The first day of each Olympics generates more data than the entire previous Games, according to MarkLogic, a data software specialist that is providing the BBC and the Press Association with a way of processing data on the games.
The firm has built a database to manage the unstructured information and data in a variety of forms, including images, video and text, generated by the publishers.
The database will "manipulate in real-time the enormous volumes of data that will be generated during the Olympics", John Pomeroy, MarkLogic's vice president for Europe told Journalism.co.uk.
Pomeroy said the software firm had been approached by the BBC and PA for a system that would allow them to "manage the speed of ingest of the data and the number of enquiries", plus the "shear volume of information that they were expecting from an editorial and a results data perspective".
Pomeroy added that the outlets were also looking at it from a business process perspective, "trying to automate where pieces of correspondence should reside on their site automatically".
There are two objectives, Pomeroy explained, the first to provide the technology to cope with the rate of ingest of the data and secondly, to "re-architect" the workflow "so that as correspondents are writing about a particular subject, whether that's an athlete or a team or a country, the system can look at that, analyse it and identify where that should appear in the various places on their online presence, which may well look different on tablet and on their website".

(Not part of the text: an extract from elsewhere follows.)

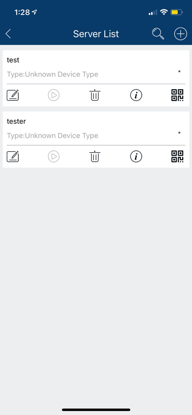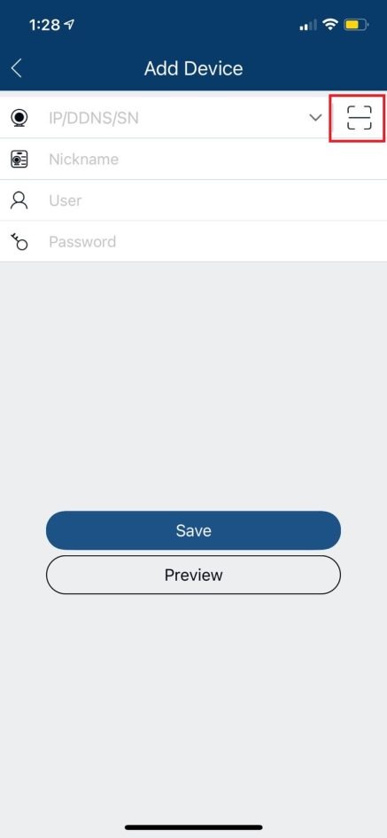 This page will list all of you connection entries, but at the moment there should be none. Tap on the “+” symbol in the top right and choose scan code and then scan the QR code on the DVR monitor screen, the information will be filled out for you for adding a device. You may still need to fill out the device name, user and password for the DVR and tap save.

"The data PA manages on a typical Saturday is vast, with all the football matches, every touch of every ball, who passed it to who and was it successful, that is streaming in from every match live and then they franchise that information out to betting shops."
"The volumes of data both incoming but also the volume of enquiry relating to the Olympics is pretty mind boggling."
Pomeroy described the process as "dynamic semantic publishing".
"The system is analysing the text the correspondent has written to identify what that article is associated with and from that it is automatically working out where that information should be placed in the various places on the site."
"From a correspondent's perspective it grossly simplifies what they need to do. Before they used to write the article and then probably write something alongside it that was instructing the person putting the site together where this information should exist. So you are cutting out a lot of that manual intervention and streaming and speeding up the publishing process."
MarkLogic has more details of dealing with Olympics data on its blog.
John O’Donovan, director of architecture and development at the Press Association said MarkLogic is one of a number of "innovative technologies" which are delivering "services relating to the London 2012 Olympics".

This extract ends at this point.